**Work to complete**.
Look below for the line that has "This Rustic villa". Set down the lines from there through the line that has "영예로운 정년퇴임을 맞이해", exactly as written.

**Data for this exercise**.
* * * *
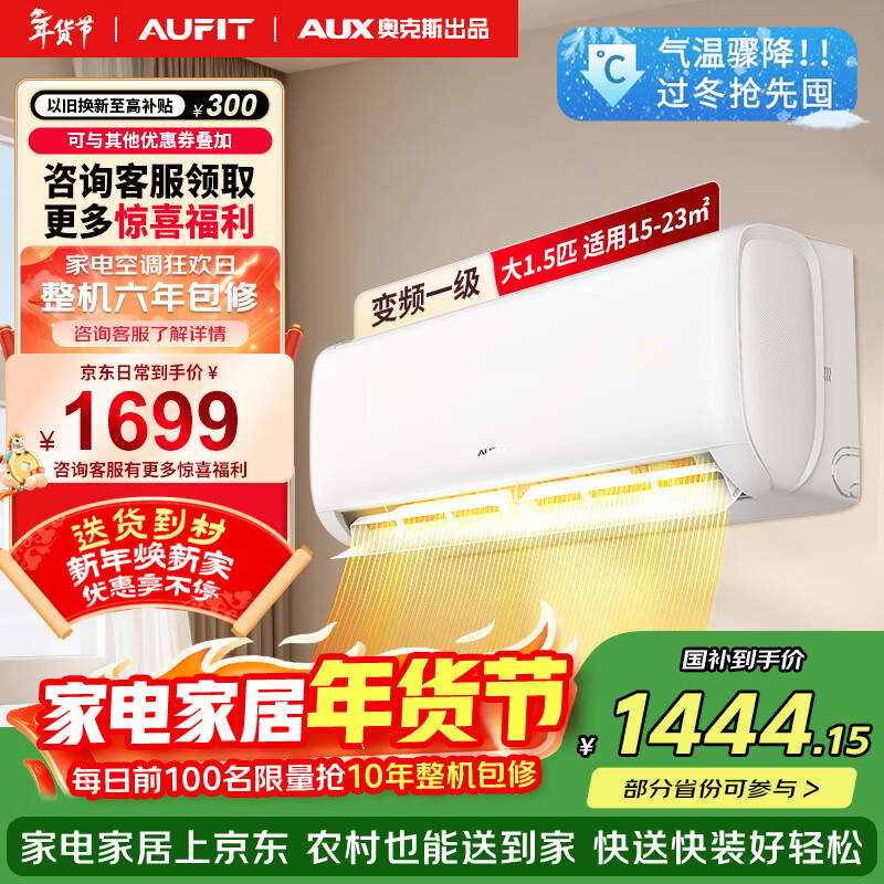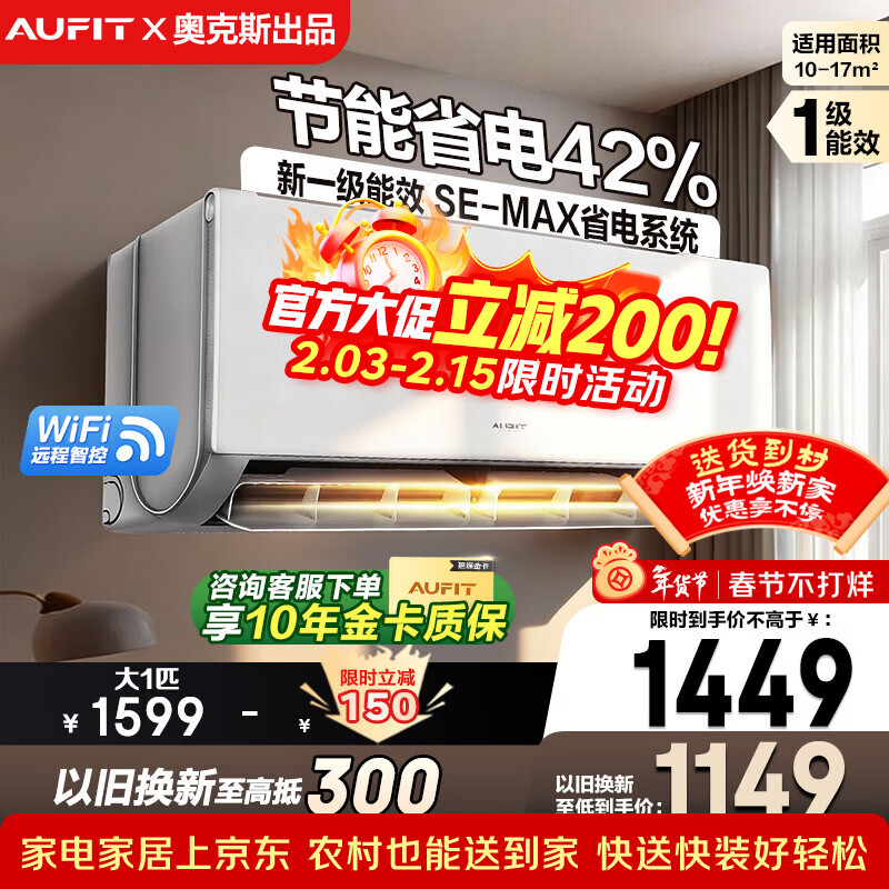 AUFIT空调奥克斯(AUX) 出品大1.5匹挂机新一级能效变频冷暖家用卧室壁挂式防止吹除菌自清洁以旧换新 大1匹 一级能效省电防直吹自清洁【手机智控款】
* * * *
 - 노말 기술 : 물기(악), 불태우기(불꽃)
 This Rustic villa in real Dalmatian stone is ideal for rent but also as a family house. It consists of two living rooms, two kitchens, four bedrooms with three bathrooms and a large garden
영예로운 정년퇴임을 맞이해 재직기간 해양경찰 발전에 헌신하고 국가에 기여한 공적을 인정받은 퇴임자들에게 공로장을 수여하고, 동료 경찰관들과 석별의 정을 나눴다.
* * * *
**Task answer**.
 This Rustic villa in real Dalmatian stone is ideal for rent but also as a family house. It consists of two living rooms, two kitchens, four bedrooms with three bathrooms and a large garden
영예로운 정년퇴임을 맞이해 재직기간 해양경찰 발전에 헌신하고 국가에 기여한 공적을 인정받은 퇴임자들에게 공로장을 수여하고, 동료 경찰관들과 석별의 정을 나눴다.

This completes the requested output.